ADAM REPO BROWSER

PATH: /core/data_processing
SYSTEM ONLINE
Directory Contents
📄 README.md Preview
# Universal Ingestor Pipeline

The `core/data_processing/` directory houses the "Universal Ingestor," Adam's centralized data ETL (Extract, Transform, Load) pipeline.

## 🎯 Mission
**"Garbage in, Garbage out."** The Ingestor ensures that only clean, normalized, and verified data reaches the reasoning engine.

## 🔑 Key Components

### 1. Universal Ingestor (`universal_ingestor.py`)
The main entry point. It accepts raw files (PDFs, HTML, JSON) or text and orchestrates the cleaning process.
*   **Features:** PII redaction (via Presidio), format normalization, and metadata tagging.

### 2. Semantic Conviction (`semantic_conviction.py`)
A module that scores data reliability. It uses embeddings to compare new information against known "Golden Truths" (e.g., verified SEC filings).
*   **Input:** A data snippet.
*   **Output:** A 0-100% confidence score.

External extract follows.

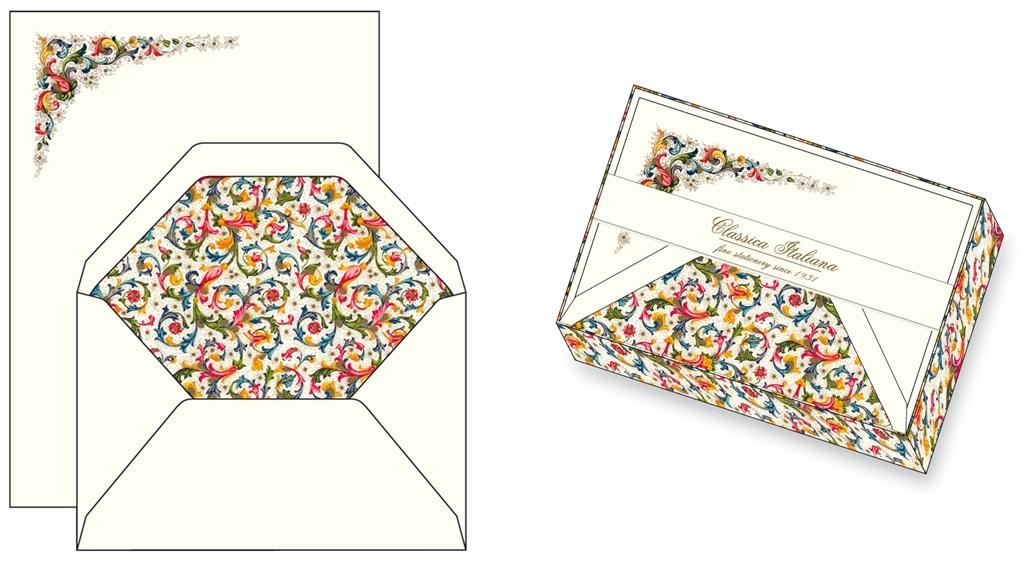 Papeteria w ozdobnym pudełku z przykrywką, koperty posiadają zaznaczoną linię, papier bawełniany o gramaturze 120g/m2. W zestawie znajduje się 10 kopert i 10 papierów listowych. Produkt z ekskluzywnej galanterii wyprodukowany we włoskiej manufakturze.

### 3. Conviction Scorer (`conviction_scorer.py`)
A heuristic-based scorer that evaluates the source credibility (e.g., Bloomberg > Reddit).

## 🚀 Usage

```python
from core.data_processing.universal_ingestor import UniversalIngestor

ingestor = UniversalIngestor()
clean_data = ingestor.process_file("path/to/annual_report.pdf")
print(clean_data.metadata.conviction_score)
```

## ⚠️ Extension Rules
*   **Idempotency:** Processing the same file twice should yield the same result.
*   **Non-Destructive:** Always preserve the raw source link/hash in the metadata.